It has come to light that Apple’s license to use YouTube has expired which means that users will no longer see the client on iOS devices. Thankfully, the absence of the native app will only affect iOS 6, so as long as you remain on iOS 5 or below, you can still use the client. The revelation was made when developers downloaded the iOS 6 Beta 4 where the app was seen missing, to everybody’s surprise.

The company’s decision to not include the player in iOS 6 is rather strange, especially considering that the license can be easily renewed without much hassle. But maybe this is Apple’s way of going its own way, as it did with Apple Maps, ditching Google Maps. It is however believed, that Apple will allow Google to launch a YouTube app on the iTunes AppStore, so it’s not the end of the road after all. It won’t be as stable or tightly integrated with the OS as the native client though. Google will have to make the new YouTube app available in the AppStore before iOS 6 is made public.

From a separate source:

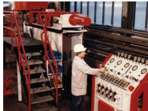
Scherprüfstand für eingebaute Gebirgsanker

Although there’s no reason for panic yet, it’s not long before the OS is launched for the public. Usually, Apple makes the latest version of iOS available to existing device as soon as a new iPhone is launched or maybe a week after that. The native iOS browser (Safari) can still play YouTube videos without much hassle, but users will be certainly deprived of the versatility of a native application.

Apple was pretty excited when it ditched Google Maps in favor of Apple Maps, though it can be considered a downgrade coming from G Maps since some features are missing. However, the Siri integration and other fancy features shouldn’t make it that bad. Apple is slowly shying away from Google products, which is clear from the developments seen over the course of the months. While the switch to Apple Maps is understandable, the absence of the native YouTube app will really hurt the company’s cause in a major way. There are still a couple of months until the latest and stable release of iOS 6 is announced and made public, so a lot could change by then.